Adil, 19, and his friend were riding their scooters in Brussels when they encountered police officers on patrol. The officers were monitoring compliance with a lockdown Belgium had imposed to prevent the spread of COVID-19. Adil’s friend sped off in one direction, Adil in another. A police car called in as reinforcement collided with Adil’s scooter, killing him instantly.
Adil is sadly one of a growing number of people who have died, not from the coronavirus itself, but as a consequence of police enforcement of outbreak-related restrictions.
I have been tracking police abuses and the misuse of emergency powers during the pandemic as part of the online monitoring project COVID State Watch. As lockdowns ease in some parts of the world, this other coronavirus death toll demands greater attention.
Police officers have harassed, abused, beaten and killed people in their efforts to enforce coronavirus-related curfews and lockdowns on nearly every continent.

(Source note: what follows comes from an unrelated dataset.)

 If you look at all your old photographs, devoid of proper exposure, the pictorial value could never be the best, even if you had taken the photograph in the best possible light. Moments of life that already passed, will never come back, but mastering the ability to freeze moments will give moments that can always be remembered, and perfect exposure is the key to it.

Almost three weeks into the lockdown in Nigeria, more people had died at the hands of police enforcing coronavirus restrictions than from the virus itself. Videos of Indian police officers forcing migrant workers to hop and crawl along a road and attacking street vendors went viral. In the US, a group of seven police officers violently dragged a man off a bus for failing to wear a face mask. In France, the police came under fire for tasering a man standing outside his home for allegedly violating harsh lockdown requirements.

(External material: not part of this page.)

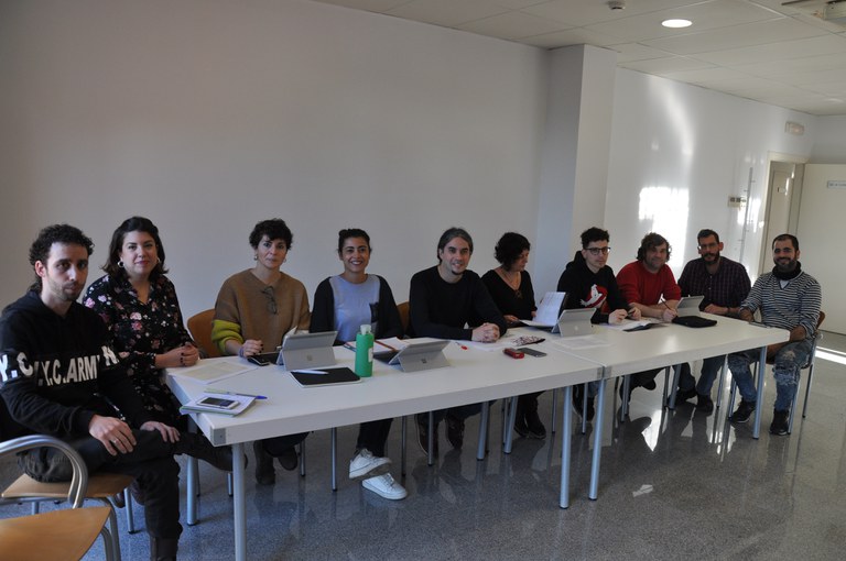 Fotos: l'equip de govern al complet, amb els seus 10 regidors, a la roda de premsa de presentació del PAM 2019-2023, el 18 de febrer, al Centre d'Interpretació del Patrimoni Molí d'en Rata.

The extent of police violence unleashed under the pandemic is so vast that it prompted a statement this week from UN human rights chief Michelle Bachelet, denouncing the use of “excessive, and at times lethal, force to make people abide by lockdowns and curfews”.
“Shooting, detaining or abusing someone for breaking a curfew because they are desperately searching for food is clearly an unacceptable and unlawful response,” she added.
Just like the virus itself, enforcement of coronavirus restrictions is hitting marginalised groups the hardest. In Greece, asylum seekers and refugees have been violently assaulted by police monitoring a coronavirus lockdown. In Australia, public health infringement notices have been disproportionately issued in areas of Sydney with large immigrant and Indigenous populations.
A similar pattern has emerged in areas of France with large immigrant populations. Bolivian soldiers violently pushed back a group of mostly poor and Indigenous Bolivians trying to re-enter the country from Chile, citing the need to contain the pandemic. In South Africa, low-income neighbourhoods and townships bear the brunt of police and army brutality.
Heavy-handed policing of marginalised groups in the name of containing the pandemic comes as no surprise. Those who are routinely over-policed are naturally the first victims of any expansion of police power. This pattern is reinforced by the nature of coronavirus restrictions.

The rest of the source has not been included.